## Requirement
Leave the pictures out. Retype exactly the lines below from the one containing "4、进入渔讯详情页面后,点击" through the one containing "개막전 승리 후 4경기", and no others.

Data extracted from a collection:
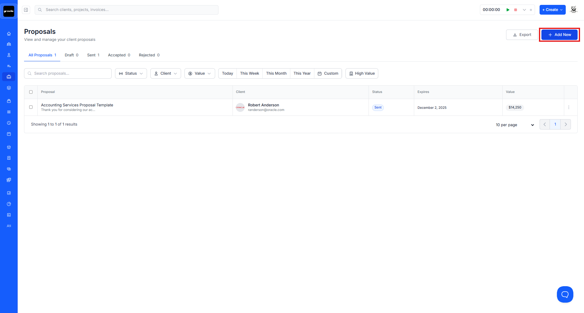 In the top-right corner, click the blue Add New button to open the proposal creation modal.
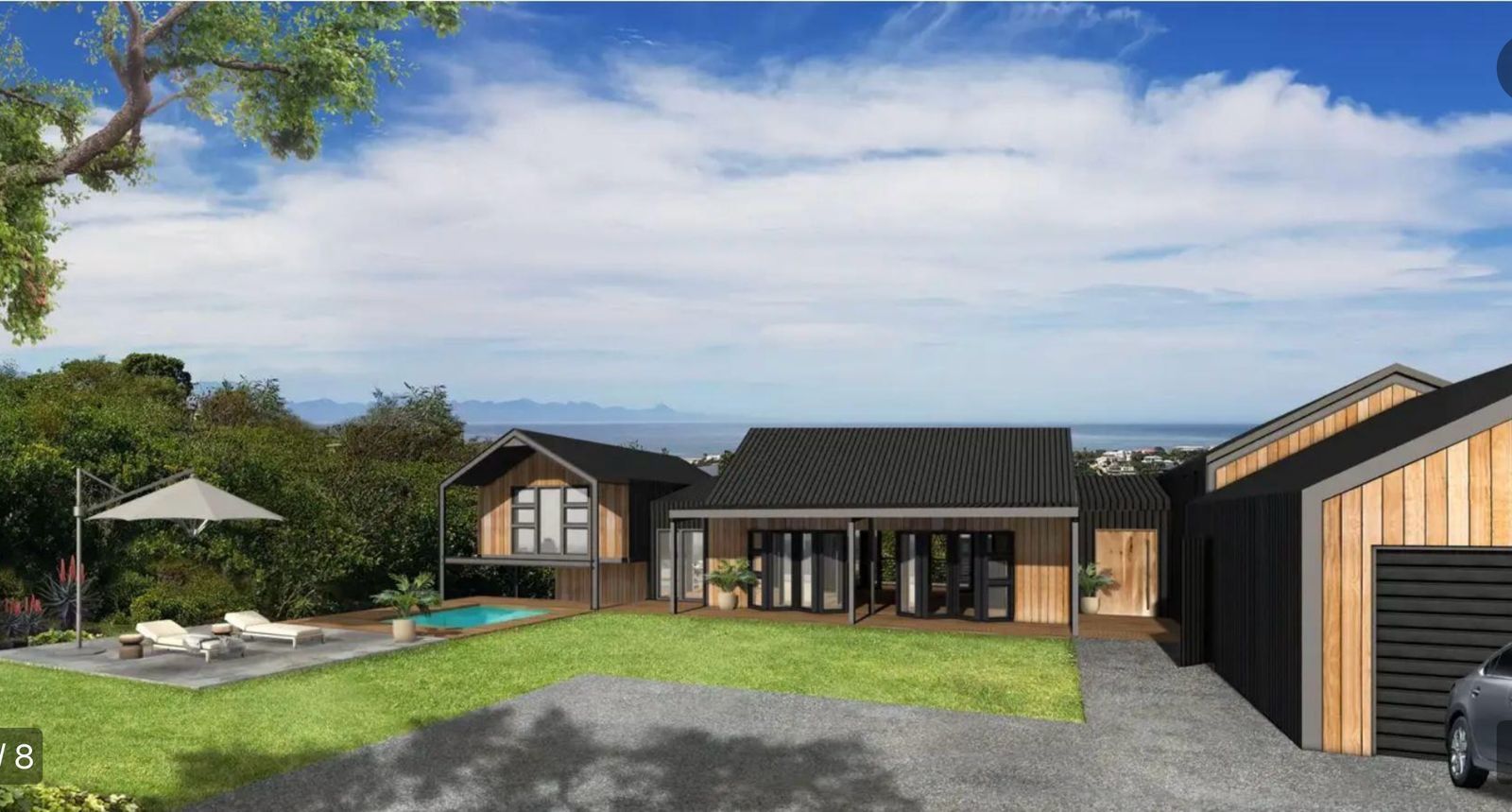 Perched on a 1,225m2 stand, the approved plans make full use of the slope to ensure uninterrupted sea views — while also cleverly allowing for future expansion such as a self-contained cottage below the main home.
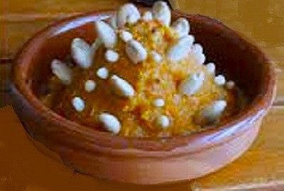 Primero: Se asa la calabaza, se pela y se quitan las pepitas y se reserva de un día para otro en una escurridera.
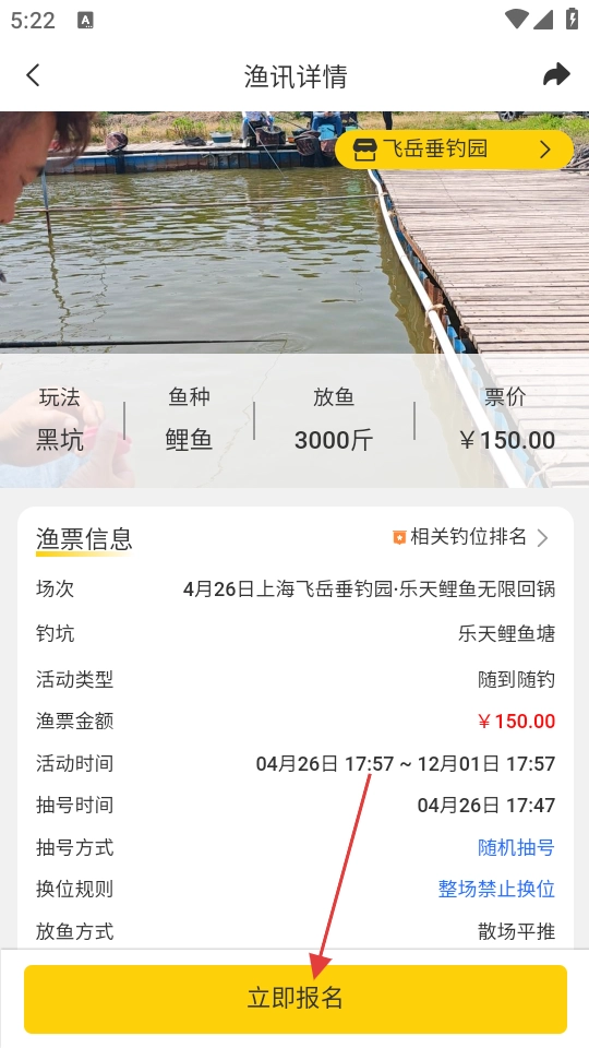 4、进入渔讯详情页面后,点击【立即报名】按钮,就能申请参与该渔场的渔票活动报名。
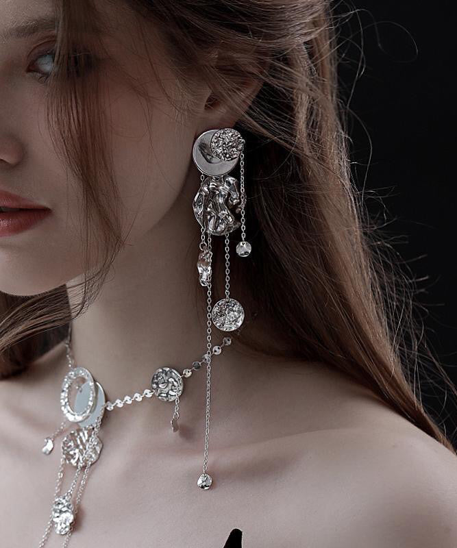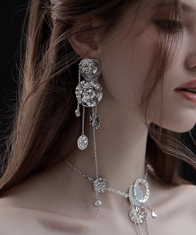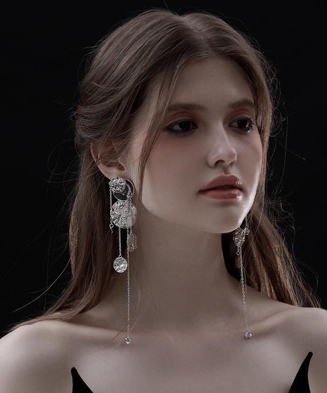 Original Design Drop Silk Copper Disc Earrings Tassel Wavy
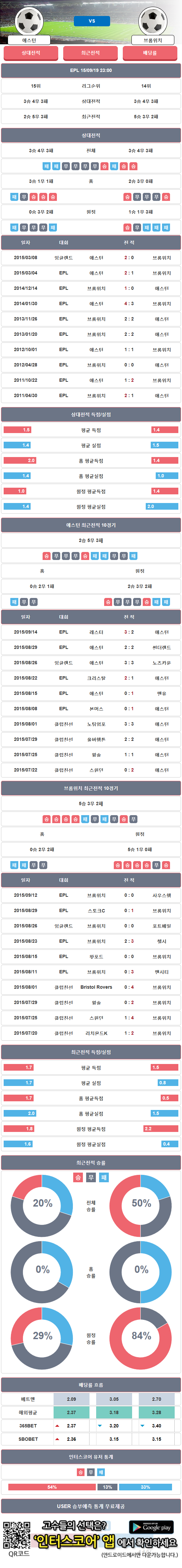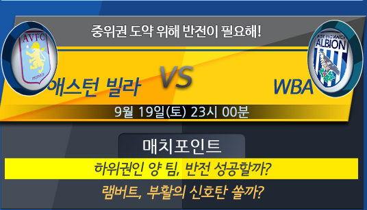 개막전 승리 후 4경기 연속 승이 없었던 애스턴은 이번 경기에서 브롬위치를 승리의 제물로 삼으려 할 것이다. 지난 상대 전적 5경기를 보자면 3승1무1패로 애스턴이 우위에 있다. 애스턴은 5경기에서 10골을 기록했고 브롬위치는 7골을 넣었다.
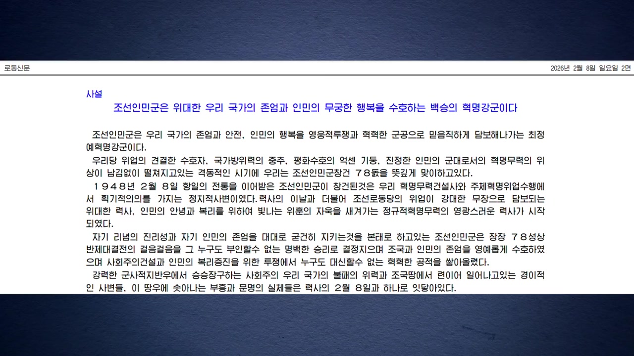 북한 노동당 기관지 노동신문은 오늘 인민군 창건 78주년 기념일인 건군절을 맞아 강대한 무장으로 국가의 부흥을 담보해야 한다고 강조했습니다.
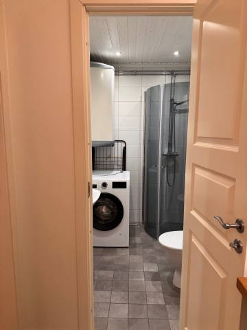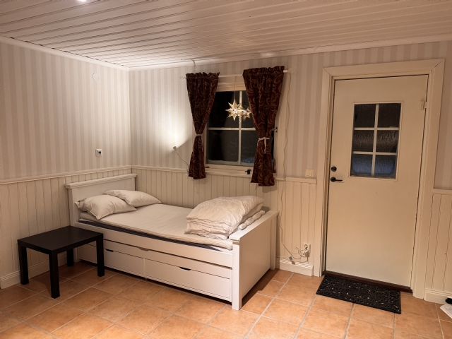 Vardagsrum, sovdel och kök i ett. Separat badrum med tvättmaskin. Kök med liten spishäll, mikro, kyl med frysfack och airfryer (ingen vanlig ugn) Smart TV i vardagsrum/sovdel. OBS inget internet i stugan.
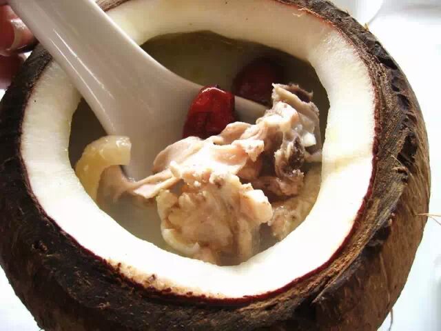 椰子炖鸡,肉香味美,汤清爽口,将鸡肉和椰子的营养完美融合,补中有清,在干燥的冬天有益气生津,清热补虚的神奇功效哦~

## Written answer
 4、进入渔讯详情页面后,点击【立即报名】按钮,就能申请参与该渔场的渔票活动报名。
 Original Design Drop Silk Copper Disc Earrings Tassel Wavy
 개막전 승리 후 4경기 연속 승이 없었던 애스턴은 이번 경기에서 브롬위치를 승리의 제물로 삼으려 할 것이다. 지난 상대 전적 5경기를 보자면 3승1무1패로 애스턴이 우위에 있다. 애스턴은 5경기에서 10골을 기록했고 브롬위치는 7골을 넣었다.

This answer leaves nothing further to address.